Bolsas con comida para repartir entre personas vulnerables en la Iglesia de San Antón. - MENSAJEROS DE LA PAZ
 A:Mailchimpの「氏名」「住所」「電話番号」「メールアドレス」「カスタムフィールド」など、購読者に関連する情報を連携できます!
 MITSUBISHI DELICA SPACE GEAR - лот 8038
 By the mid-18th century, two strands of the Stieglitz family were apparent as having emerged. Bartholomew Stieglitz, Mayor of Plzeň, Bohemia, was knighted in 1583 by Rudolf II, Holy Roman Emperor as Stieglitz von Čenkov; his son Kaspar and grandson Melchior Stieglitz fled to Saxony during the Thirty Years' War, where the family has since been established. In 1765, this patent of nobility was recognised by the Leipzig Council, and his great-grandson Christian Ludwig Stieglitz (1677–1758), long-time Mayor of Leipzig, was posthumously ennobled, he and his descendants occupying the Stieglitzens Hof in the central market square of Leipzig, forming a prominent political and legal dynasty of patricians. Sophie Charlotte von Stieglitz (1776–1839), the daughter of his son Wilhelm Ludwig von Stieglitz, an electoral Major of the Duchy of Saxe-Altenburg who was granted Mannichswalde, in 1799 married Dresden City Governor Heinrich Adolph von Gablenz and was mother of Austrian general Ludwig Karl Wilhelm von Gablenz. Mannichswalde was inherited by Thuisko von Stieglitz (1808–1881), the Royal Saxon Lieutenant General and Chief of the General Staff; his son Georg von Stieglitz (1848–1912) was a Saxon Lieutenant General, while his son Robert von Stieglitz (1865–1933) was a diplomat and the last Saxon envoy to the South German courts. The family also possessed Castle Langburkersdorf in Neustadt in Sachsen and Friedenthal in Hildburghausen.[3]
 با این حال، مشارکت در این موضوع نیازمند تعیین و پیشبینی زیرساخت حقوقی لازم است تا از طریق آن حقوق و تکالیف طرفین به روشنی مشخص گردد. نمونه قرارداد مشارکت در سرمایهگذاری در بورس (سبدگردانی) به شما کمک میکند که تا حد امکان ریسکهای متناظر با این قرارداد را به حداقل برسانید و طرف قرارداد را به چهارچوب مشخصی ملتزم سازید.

...

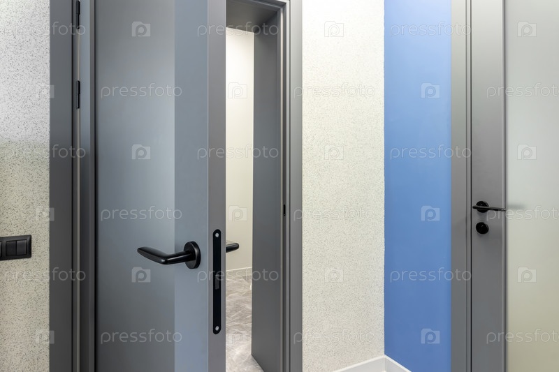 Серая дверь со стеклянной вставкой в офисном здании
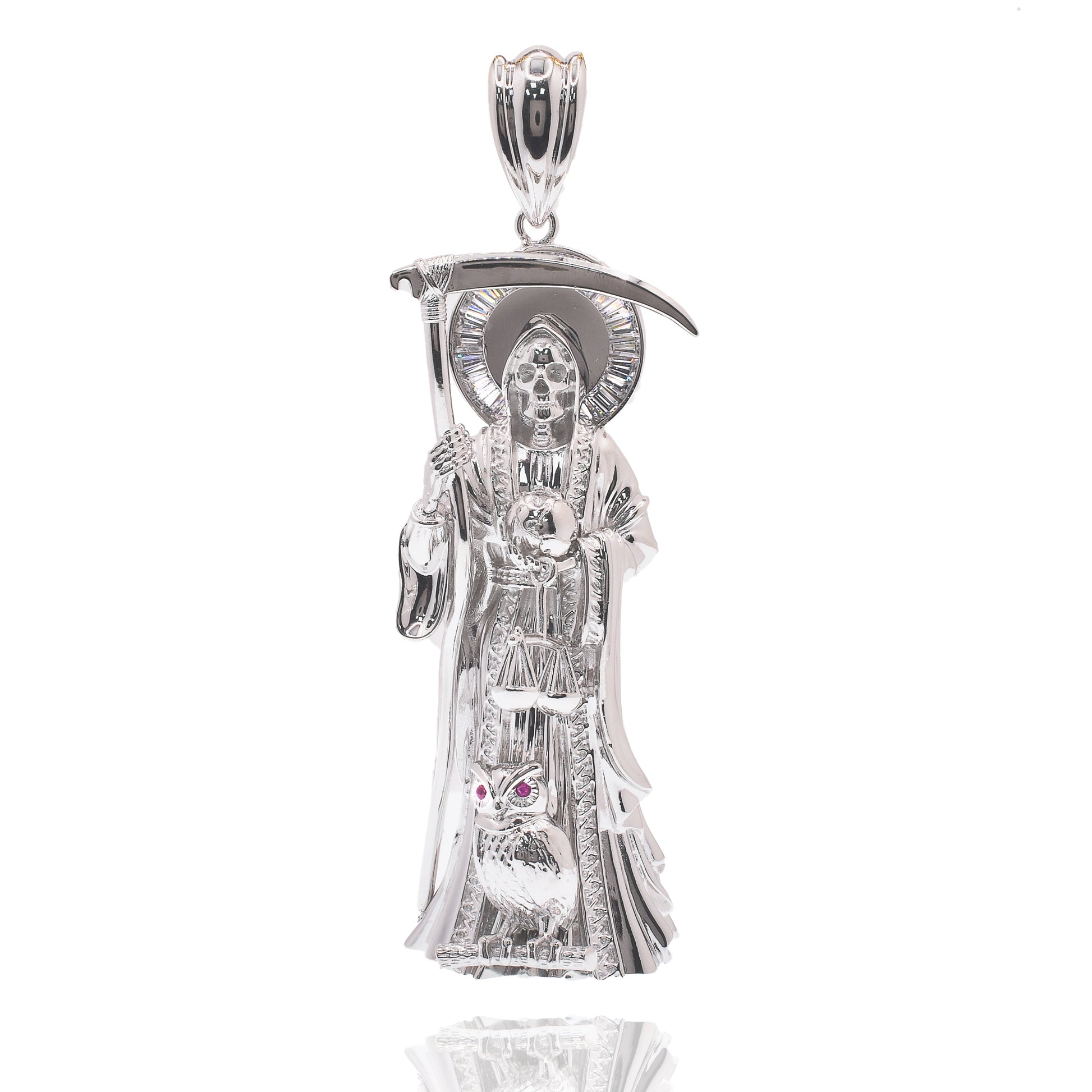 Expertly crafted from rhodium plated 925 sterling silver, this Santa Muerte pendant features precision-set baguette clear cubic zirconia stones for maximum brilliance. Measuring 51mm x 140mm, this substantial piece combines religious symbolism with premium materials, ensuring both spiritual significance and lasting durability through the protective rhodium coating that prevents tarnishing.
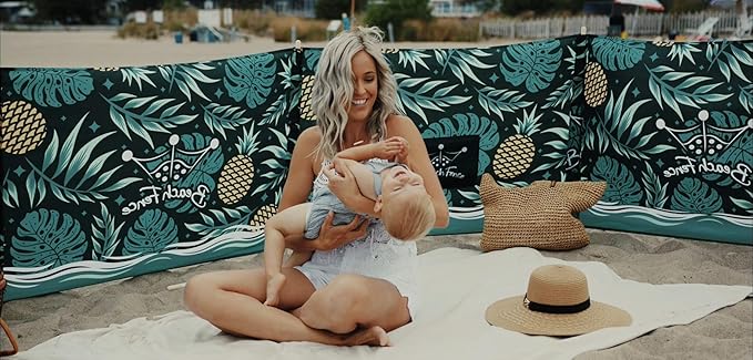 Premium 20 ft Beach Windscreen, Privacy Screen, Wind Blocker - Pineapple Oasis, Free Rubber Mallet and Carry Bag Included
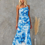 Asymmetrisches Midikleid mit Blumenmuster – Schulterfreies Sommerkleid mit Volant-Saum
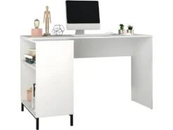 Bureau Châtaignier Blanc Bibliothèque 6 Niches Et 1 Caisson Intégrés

==

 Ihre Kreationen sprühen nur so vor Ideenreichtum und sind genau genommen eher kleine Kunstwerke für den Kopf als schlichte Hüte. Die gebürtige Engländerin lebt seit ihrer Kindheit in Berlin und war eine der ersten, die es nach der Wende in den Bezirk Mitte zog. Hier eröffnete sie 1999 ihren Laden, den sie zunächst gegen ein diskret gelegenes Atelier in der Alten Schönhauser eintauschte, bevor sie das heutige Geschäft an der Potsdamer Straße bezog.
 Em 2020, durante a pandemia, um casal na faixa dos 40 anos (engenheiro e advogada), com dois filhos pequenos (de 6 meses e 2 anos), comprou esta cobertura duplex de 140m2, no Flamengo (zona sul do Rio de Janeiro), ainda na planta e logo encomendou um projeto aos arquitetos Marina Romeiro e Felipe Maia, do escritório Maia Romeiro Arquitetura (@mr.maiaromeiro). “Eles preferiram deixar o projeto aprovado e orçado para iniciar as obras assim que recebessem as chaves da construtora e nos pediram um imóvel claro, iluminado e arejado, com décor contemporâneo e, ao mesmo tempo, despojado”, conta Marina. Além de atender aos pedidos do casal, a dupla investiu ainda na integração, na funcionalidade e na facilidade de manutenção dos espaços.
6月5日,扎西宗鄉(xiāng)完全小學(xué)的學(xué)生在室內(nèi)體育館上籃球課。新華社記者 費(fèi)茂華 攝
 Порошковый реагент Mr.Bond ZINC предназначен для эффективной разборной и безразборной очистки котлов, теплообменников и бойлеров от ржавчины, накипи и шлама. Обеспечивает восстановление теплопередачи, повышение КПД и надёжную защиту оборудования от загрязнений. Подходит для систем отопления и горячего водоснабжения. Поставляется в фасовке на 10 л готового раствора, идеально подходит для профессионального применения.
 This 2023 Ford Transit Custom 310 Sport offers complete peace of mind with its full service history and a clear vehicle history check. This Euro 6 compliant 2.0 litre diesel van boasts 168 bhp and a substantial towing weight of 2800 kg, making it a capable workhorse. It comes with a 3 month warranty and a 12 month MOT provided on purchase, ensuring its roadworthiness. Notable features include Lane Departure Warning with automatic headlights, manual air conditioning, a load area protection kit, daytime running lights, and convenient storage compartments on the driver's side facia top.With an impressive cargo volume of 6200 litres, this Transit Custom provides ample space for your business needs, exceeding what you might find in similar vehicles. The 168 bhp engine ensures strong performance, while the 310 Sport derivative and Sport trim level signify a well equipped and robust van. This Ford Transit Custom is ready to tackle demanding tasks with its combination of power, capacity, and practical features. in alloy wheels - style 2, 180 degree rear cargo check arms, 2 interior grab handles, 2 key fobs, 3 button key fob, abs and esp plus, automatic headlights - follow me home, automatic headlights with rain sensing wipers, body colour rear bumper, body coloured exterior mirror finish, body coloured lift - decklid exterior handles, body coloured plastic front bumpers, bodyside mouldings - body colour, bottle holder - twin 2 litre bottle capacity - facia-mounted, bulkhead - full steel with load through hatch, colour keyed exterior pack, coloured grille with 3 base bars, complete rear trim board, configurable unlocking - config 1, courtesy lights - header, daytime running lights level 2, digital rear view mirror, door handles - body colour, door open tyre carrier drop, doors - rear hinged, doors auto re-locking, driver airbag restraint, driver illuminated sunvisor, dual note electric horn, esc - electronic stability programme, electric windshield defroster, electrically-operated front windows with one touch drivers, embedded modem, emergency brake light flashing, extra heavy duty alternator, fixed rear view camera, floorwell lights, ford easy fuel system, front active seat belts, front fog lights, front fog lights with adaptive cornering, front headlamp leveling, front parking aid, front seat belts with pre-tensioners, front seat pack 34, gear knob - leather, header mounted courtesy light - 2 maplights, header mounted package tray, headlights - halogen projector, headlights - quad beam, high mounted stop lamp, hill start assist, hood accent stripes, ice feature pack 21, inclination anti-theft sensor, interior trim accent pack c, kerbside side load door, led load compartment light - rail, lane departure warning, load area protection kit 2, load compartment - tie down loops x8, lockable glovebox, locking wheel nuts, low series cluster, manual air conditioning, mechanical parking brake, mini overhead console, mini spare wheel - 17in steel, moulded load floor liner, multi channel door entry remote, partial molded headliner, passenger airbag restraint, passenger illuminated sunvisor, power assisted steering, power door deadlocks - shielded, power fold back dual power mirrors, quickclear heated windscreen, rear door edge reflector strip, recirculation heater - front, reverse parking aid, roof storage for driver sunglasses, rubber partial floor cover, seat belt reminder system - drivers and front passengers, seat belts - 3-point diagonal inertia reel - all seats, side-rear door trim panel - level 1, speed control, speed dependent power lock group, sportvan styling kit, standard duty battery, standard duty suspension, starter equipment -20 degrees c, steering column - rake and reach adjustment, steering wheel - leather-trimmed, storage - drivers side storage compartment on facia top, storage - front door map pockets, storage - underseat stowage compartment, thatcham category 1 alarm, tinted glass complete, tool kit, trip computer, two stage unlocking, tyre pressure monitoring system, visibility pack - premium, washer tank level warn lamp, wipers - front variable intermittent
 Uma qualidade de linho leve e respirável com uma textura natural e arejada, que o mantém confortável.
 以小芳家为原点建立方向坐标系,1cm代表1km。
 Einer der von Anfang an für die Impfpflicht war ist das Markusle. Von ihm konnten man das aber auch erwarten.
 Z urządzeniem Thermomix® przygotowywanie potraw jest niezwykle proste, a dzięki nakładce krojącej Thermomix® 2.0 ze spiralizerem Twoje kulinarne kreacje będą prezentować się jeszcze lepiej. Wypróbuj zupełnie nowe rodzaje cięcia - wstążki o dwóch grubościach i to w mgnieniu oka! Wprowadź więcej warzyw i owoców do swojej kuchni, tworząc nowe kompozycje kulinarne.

» **WHAT IS BEING ASKED**: Beginning at the line with "Bolsas con comida" and stopping after the line with "MITSUBISHI DELICA SPACE GEAR - лот 8038", please write out every line of the data above exactly and nothing else.

» **SOLUTION**:
Bolsas con comida para repartir entre personas vulnerables en la Iglesia de San Antón. - MENSAJEROS DE LA PAZ
 A:Mailchimpの「氏名」「住所」「電話番号」「メールアドレス」「カスタムフィールド」など、購読者に関連する情報を連携できます!
 MITSUBISHI DELICA SPACE GEAR - лот 8038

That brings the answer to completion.